PROGENIE: Biographical descriptions
for Intelligence Analysis

Pablo A. Duboue
Kathleen R. McKeown
Vasileios Hatzivassiloglou

Columbia University,
Dept. of Computer Science
New York, NY, 10025, USA
{pablo,kathy,vh}@cs.columbia.edu
http://www.cs.columbia.edu/nlp/

Abstract:

Intelligence analysts face the need for immediate, up-to-date information about individuals of interest. While biographies can be written and stored in text databases, we argue that they can get quickly obsolete for living persons. We present here the architecture of PROGENIE, a biographical description generator currently under construction, focusing on the requirements of the task and its impact on potential users.

Introduction

Intelligence and law enforcement personnel face the need for immediate, up-to-date information about individuals of interest. Biographies or profiles can be used to present such information. Obviously, it is not feasible to have human writers produce biographies for each person at hand. Even if that were the case, such biographies would need to be later stored in textual databases, where they will lose track of most recent, and, arguably most important, activities of the person being described. As part of the joint Columbia University--University of Colorado Open Question Answering project (AQUAINT), we present here our proposed architecture for a biographical description generator from knowledge sources and information extracted from the Internet.

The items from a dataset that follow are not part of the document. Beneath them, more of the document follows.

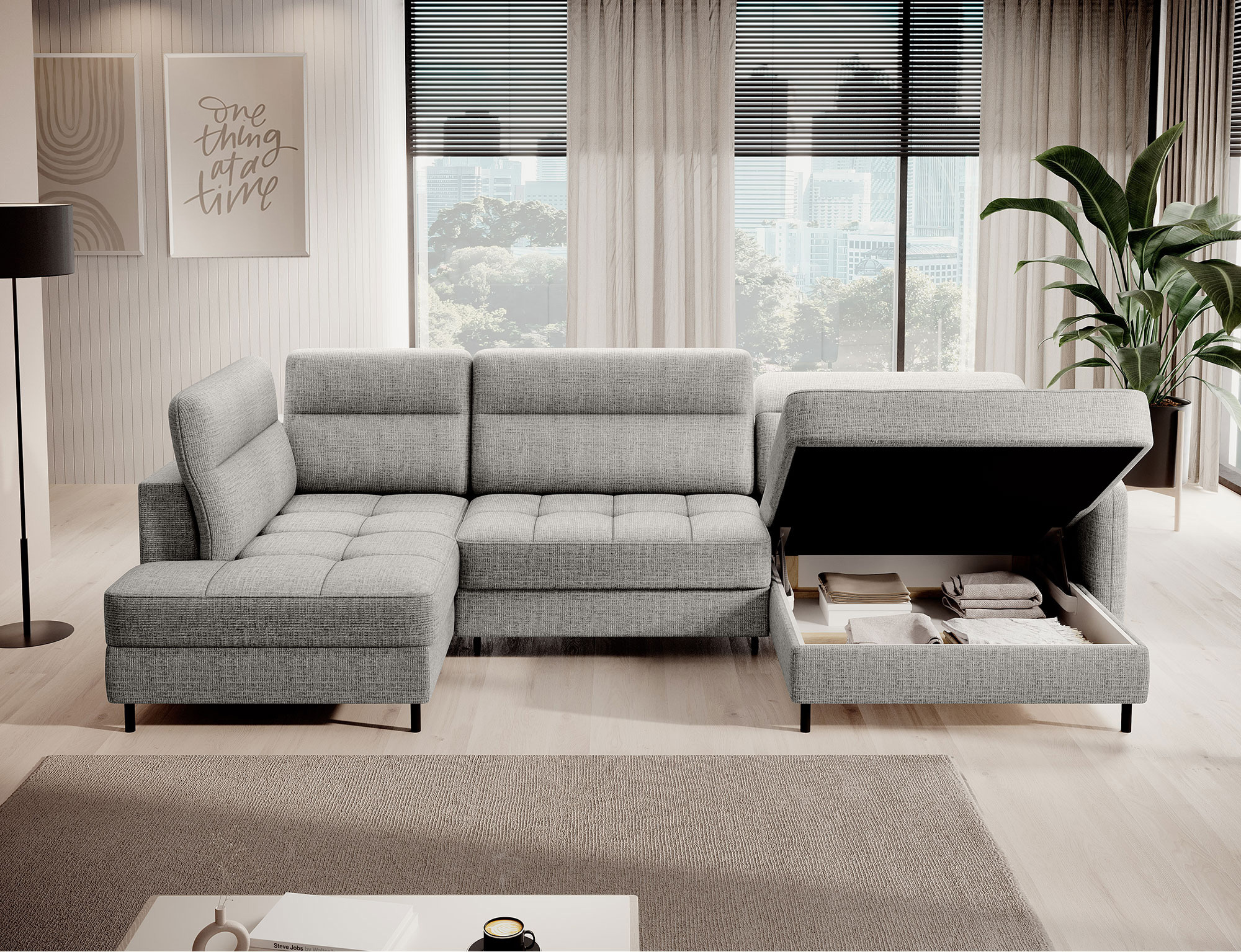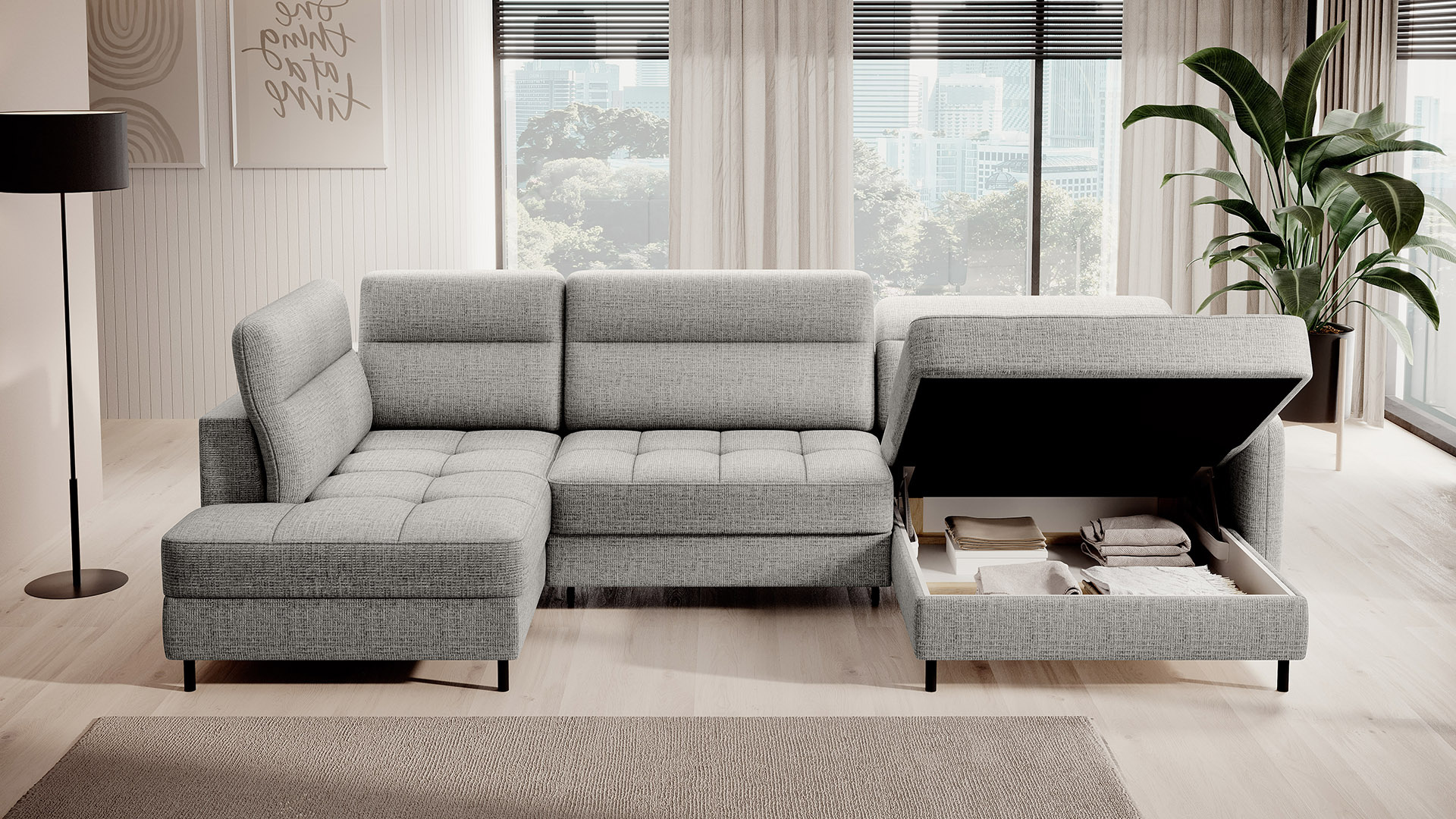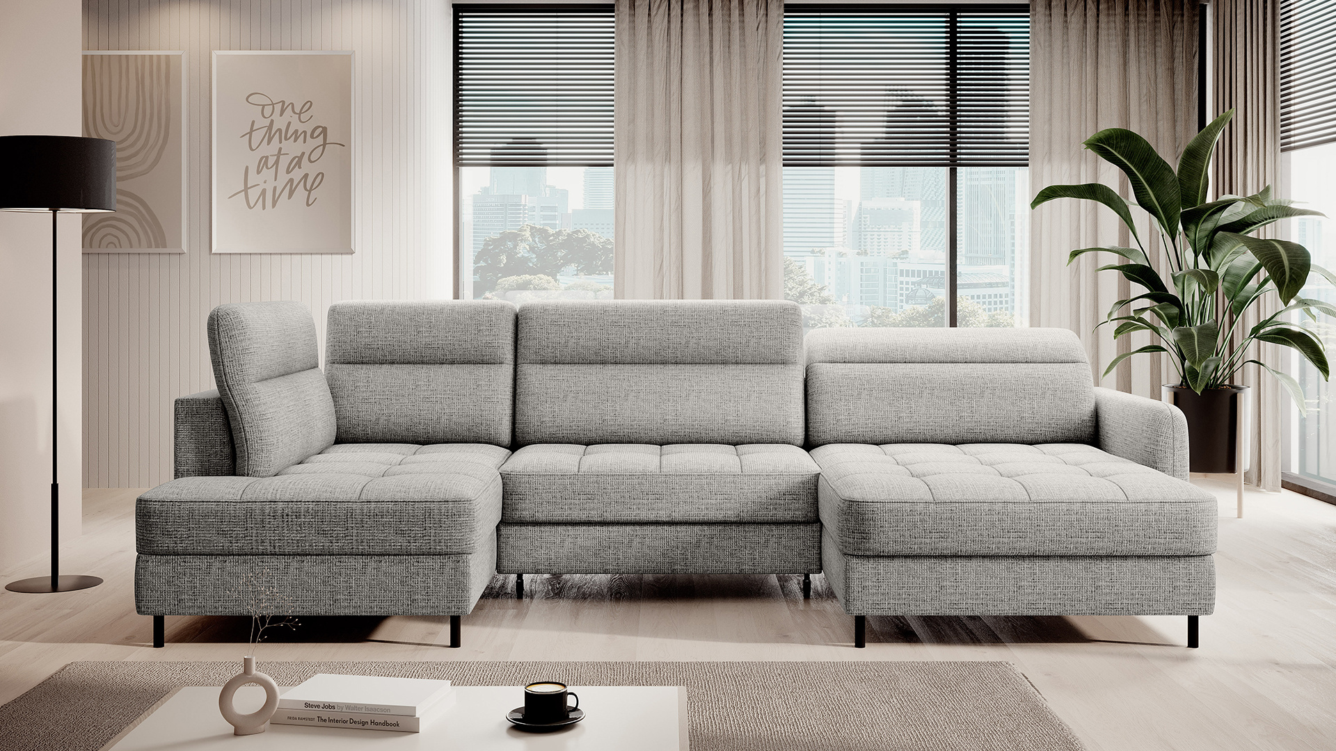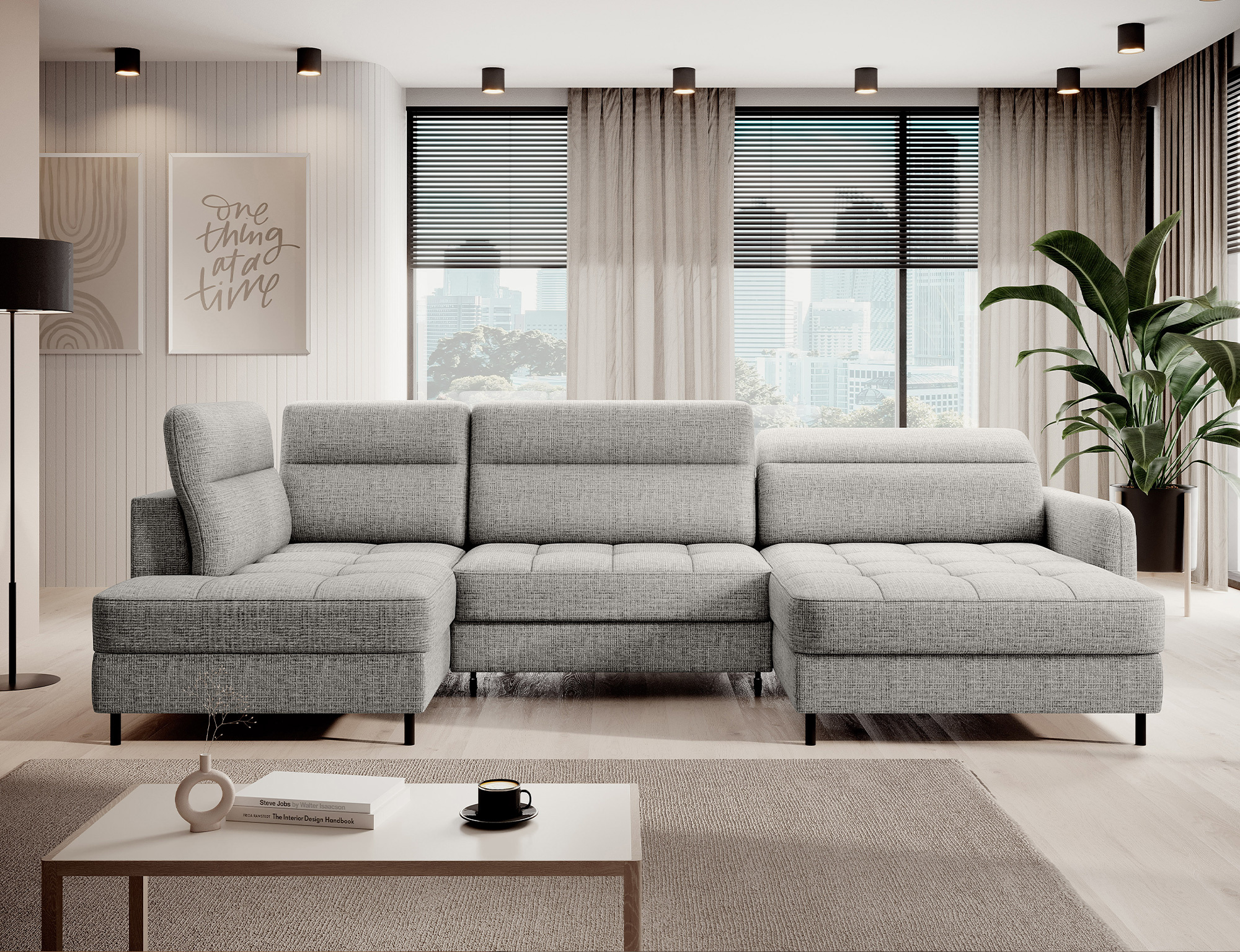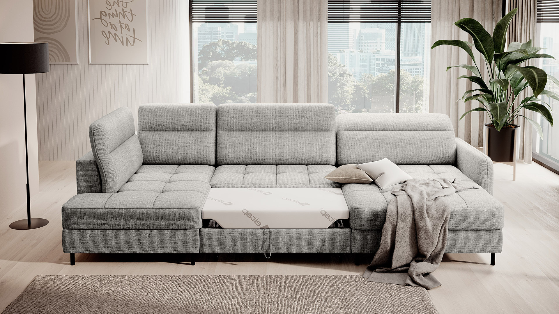 Sedací souprava Berrto v provedení Aubron 04 má sedák vybaven vlnitými pružinami typu B, které v kombinaci s vysoce elastickou pěnou HR + T2130. Opěradla jsou vyplněny čalouněnými popruhy a pěnou T2130. Rozkladem vznikne spací plocha 300x130 cm. Disponuje úložným prostorem. Černé ocelové nohy o výšce 10 cm. Nosnost soupravy je 390 kg. Provedení rohu pravé.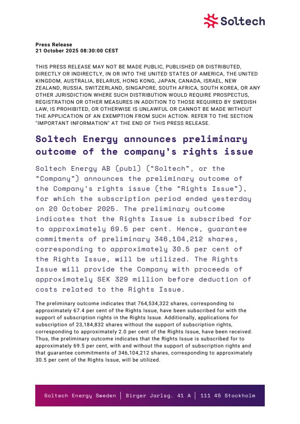 Soltech Energy AB (publ) (“Soltech”, or the “Company”) announces the preliminary outcome of the Company’s rights issue (the “Rights Issue”), for which the subscription period ended yesterday on 20 October 2025. The preliminary outcome indicates that the Rights Issue is subscribed for to approximately 69.5 per cent. Hence, guarantee commitments of preliminary 346,104,212 shares, corresponding to approximately 30.5 per cent of the Rights Issue, will be utilized. The Rights Issue will provide the Company with proceeds of approximately SEK 329 million before deduction of costs related to the Rights Issue.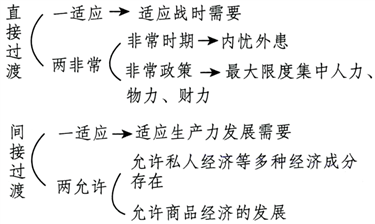 (1)根据材料一并结合所学知识,指出“间接过渡”代表的经济政策的名称,并分析其“两允许”的成效。

Our goal is to provide intelligence and law enforcement personnel with means to quickly and concisely communicate information about military and political personnel from foreign countries, and also terrorists and criminals. Working on different scenarios, different users of the system will require different presentations of available data about a given individual. For example, one analyst might want to see an overview of all data for a particular person, while another analyst may be looking for ties between a well-known terrorist and a particular country. We intend to fulfill these requirements via on the fly generation of such person descriptions.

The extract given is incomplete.